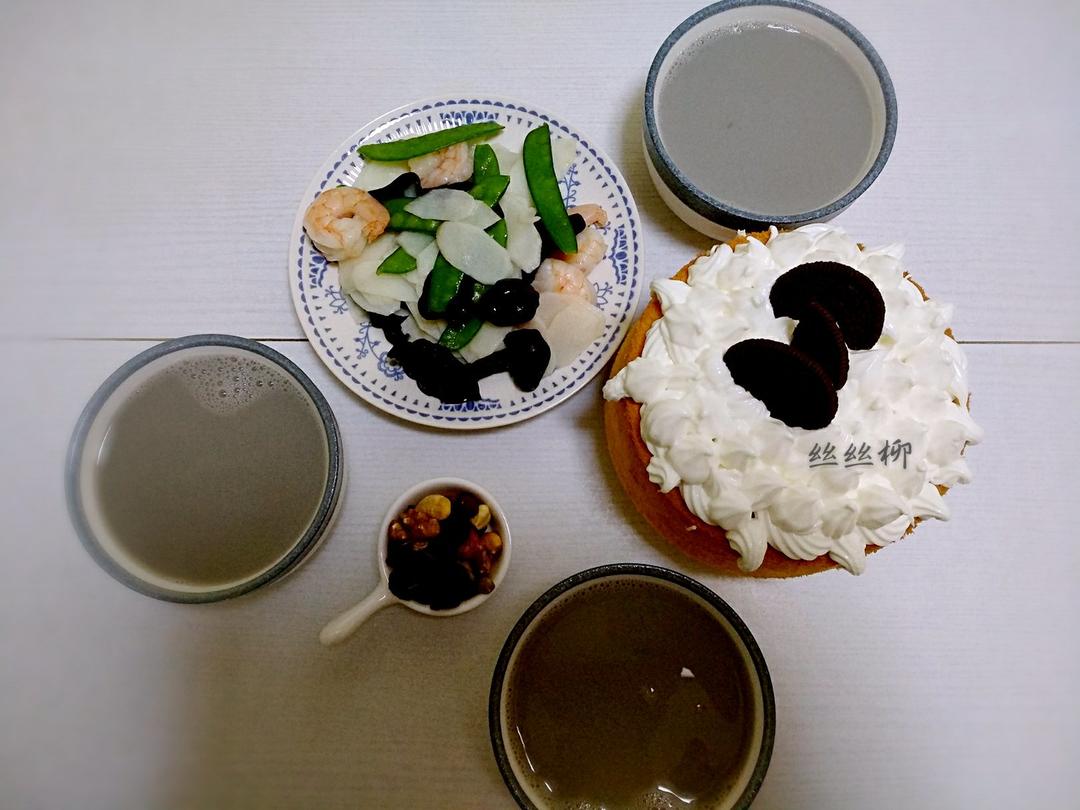 酸奶戚风奶酪蛋糕,荷兰豆炒山药片,黑豆豆浆,坚果。
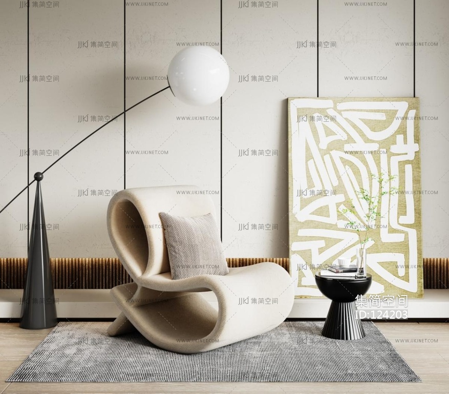 侘寂风单人沙发 3d模型下载 [模型ID:124203]
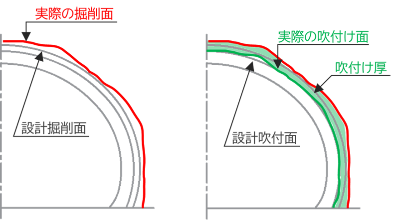 - 三次元絶対座標を用いスキャナーで測定した結果を設計断面と比較し、掘削形状、吹付けコンクリートの仕上がり面、吹付け厚の3種類を即座に算出することで、高精度なオンライン カジノ 配信管理が可能です。
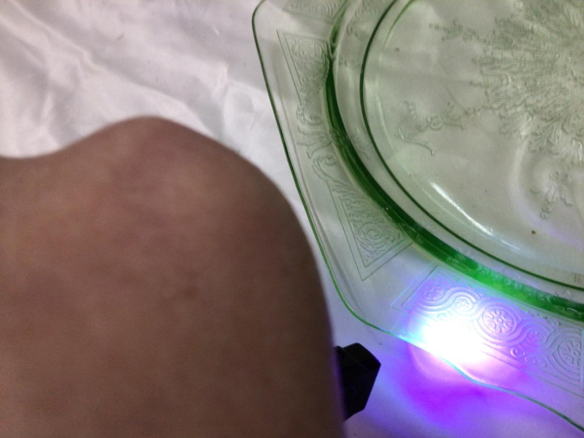 You get a large dinner plate green glass which glows under black light.
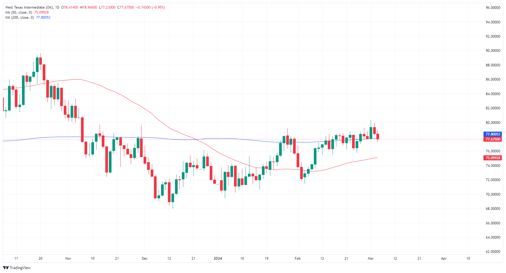 原油市场周二震荡,打压WTI油价进一步下跌,测试每桶 78.00 美元下方,因为市场期待已久的中国原油需求回升未能实现。
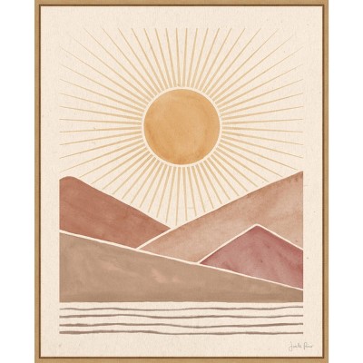 FRAME DETAILS: The canvas is framed in the Sylvie Maple frame, which is a modern, float frame with natural maple woodgrain coloring and dramatic depth. The frame measures 1 in. wide and stands 2 in. off the wall. The canvas appears as if it is floating in the frame because it has a narrow gap between the edge of the canvas and the frame. The overall size of this framed canvas print measures 22 in. W x 22 in. H.
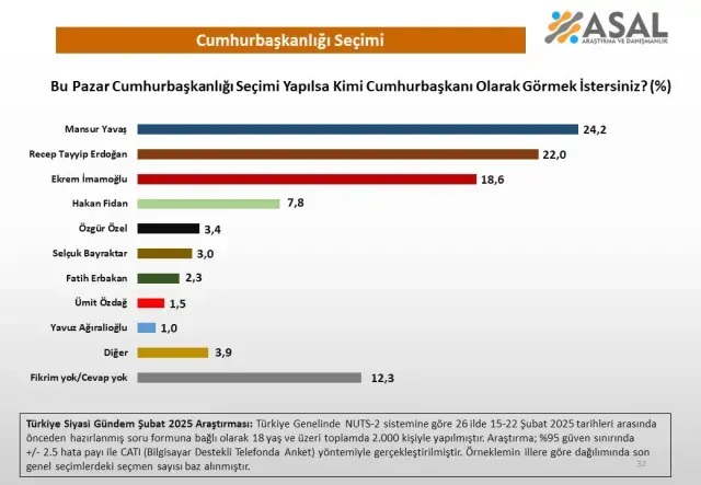 Cumhurbaşkanı Erdoğan'ın bir kez daha aday olması durumunda karşısında muhalefetin öne çıkan iki ismi Mansur Yavaş ile Ekrem İmamoğlu'nun oy oranı ölçüldü. Mansur Yavaş'ın Erdoğan'ı geçtiği görüldü. Yüzde 22 Recep Tayyip Erdoğan, yüzde 24.2 Mansur Yavaş, yüzde 18.6 ise Ekrem İmamoğlu yanıtını verdi.
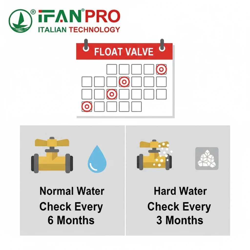 For most systems, inspect and clean your float valve at least every 6 to 12 months. However, if you have hard water with high mineral content, inspect it every 3 to 4 months. Also, check it immediately if you notice slow filling, constant running water, or visible leaks.
============================================================
What you are asked to do: Once the line containing "FRAME DETAILS: The" has been copied, stop; everything from the first line of the data up to it must be copied exactly, without pictures.

Result for this task:
 酸奶戚风奶酪蛋糕,荷兰豆炒山药片,黑豆豆浆,坚果。
 侘寂风单人沙发 3d模型下载 [模型ID:124203]
 - 三次元絶対座標を用いスキャナーで測定した結果を設計断面と比較し、掘削形状、吹付けコンクリートの仕上がり面、吹付け厚の3種類を即座に算出することで、高精度なオンライン カジノ 配信管理が可能です。
 You get a large dinner plate green glass which glows under black light.
 原油市场周二震荡,打压WTI油价进一步下跌,测试每桶 78.00 美元下方,因为市场期待已久的中国原油需求回升未能实现。
 FRAME DETAILS: The canvas is framed in the Sylvie Maple frame, which is a modern, float frame with natural maple woodgrain coloring and dramatic depth. The frame measures 1 in. wide and stands 2 in. off the wall. The canvas appears as if it is floating in the frame because it has a narrow gap between the edge of the canvas and the frame. The overall size of this framed canvas print measures 22 in. W x 22 in. H.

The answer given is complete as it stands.